Комар ужалил ее в шею, и она помазала незащищенное место мокрой глиной, отщипнув кусочек от комка, который лежал у нее под рукой. Все утро, поднимаясь на перевал в туче гнуса, мужчина и женщина обмазывали себя липкой грязью, и грязь, высыхая на солнце, покрывала лицо глиняной маской. От движения лицевых мускулов маска эта отваливалась кусками, и ее то и дело приходилось подновлять, так что она была где толще, где тоньше, и вид у нее был престранный.
Ли Ван стала тормошить Канима осторожно, но настойчиво, пока он не приподнялся и не сел. Прежде всего он посмотрел на солнце и, узнав время по этим небесным часам, опустился на корточки перед костром и жадно набросился на мясо. Это был крупный индеец, в шесть футов ростом, широкогрудый и мускулистый, с более проницательным, более умным взглядом, чем у большинства его соплеменников. Глубокие складки избороздили лицо Канима и, сочетаясь с первобытной суровостью, свидетельствовали о том, что этот человек с неукротимым нравом упорен в достижении цели и способен, если нужно, быть жестоким с противником.
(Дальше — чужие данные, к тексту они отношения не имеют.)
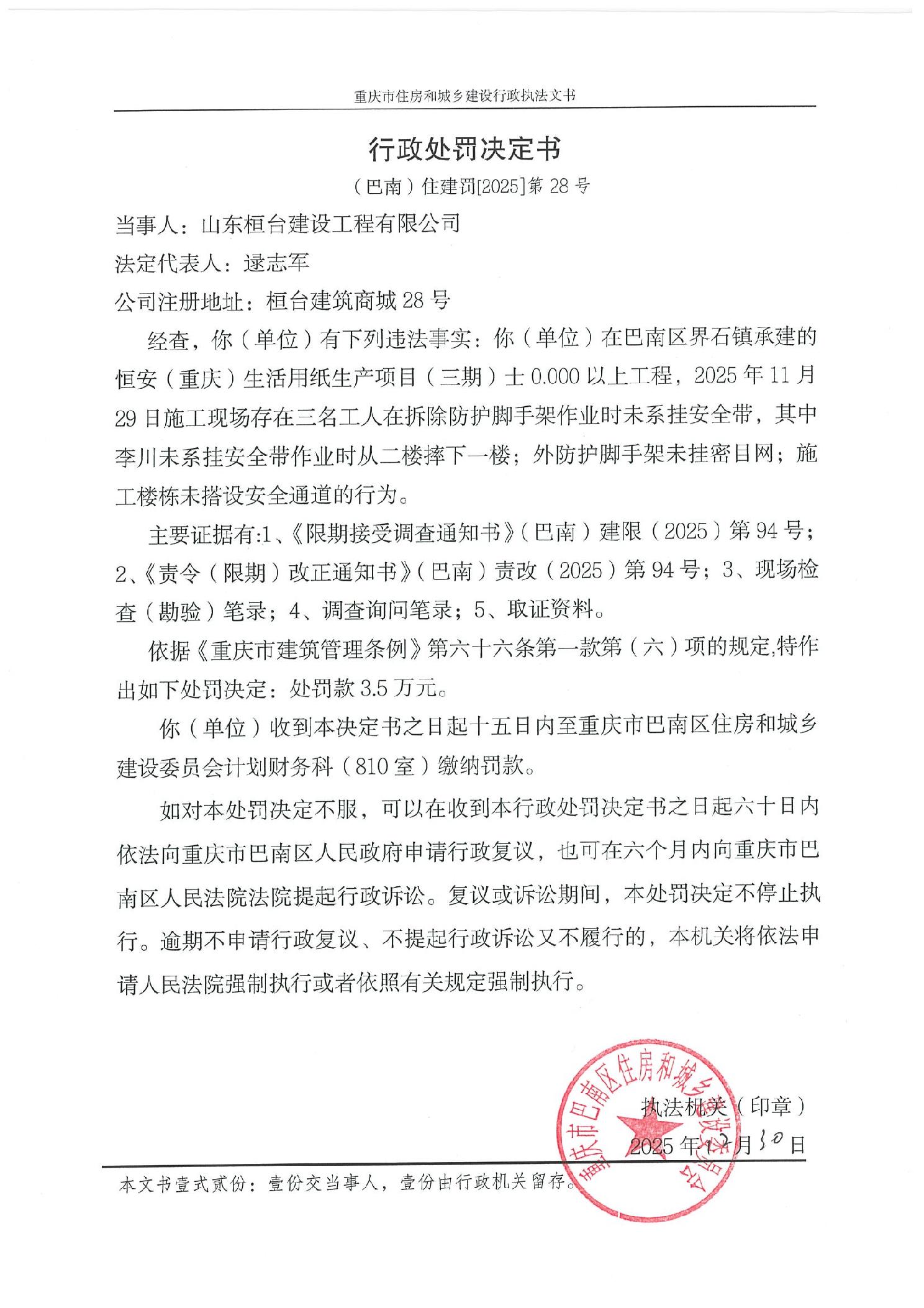 行政处罚决定书(巴南)住建罚【2025】第28号

— Завтра, Ли Ван, мы будем пировать. — Он начисто высосал мозговую кость и швырнул ее собакам. — Мы будем есть оладьи, жаренные на свином сале, и сахар, который еще вкуснее…
— Оладьи? — переспросила она, неуверенно произнося незнакомое слово.
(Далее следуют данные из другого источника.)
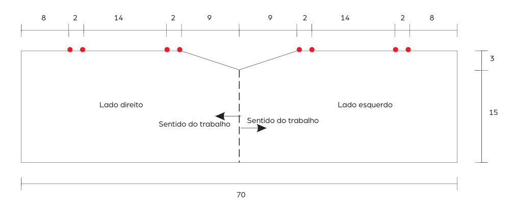 Frente e costas – São trabalhadas juntas, na horizontal. Comece pelo centro da peça, linha pontilhada no molde.

— Да, — ответил Каним снисходительно, — и я научу тебя стряпать по-новому. В этом ты ничего не смыслишь, как и во многом другом. Ты всю жизнь провела в глухом уголке земли и ничего не знаешь. Но я, — он выпрямился и гордо окинул ее взглядом, — я — великий землепроходец и побывал всюду, даже у белых людей; и я сведущ в их обычаях и в обычаях многих народов. Я не дерево, которому от века назначено стоять на одном месте, не ведая, что творится за соседним холмом; ибо я, Каним-Каноэ, создан, чтобы бродить повсюду и странствовать, и весь мир исходить вдоль и поперек.
Женщина смиренно склонила голову.
— Это правда. Я всю жизнь ела только рыбу, мясо и ягоды и жила в глухом уголке земли. И я не знала, что мир так велик, пока ты не похитил меня у моего племени и я не стала стряпать тебе пищу и носить вьюки по бесконечным тропам. — Она вдруг взглянула на него.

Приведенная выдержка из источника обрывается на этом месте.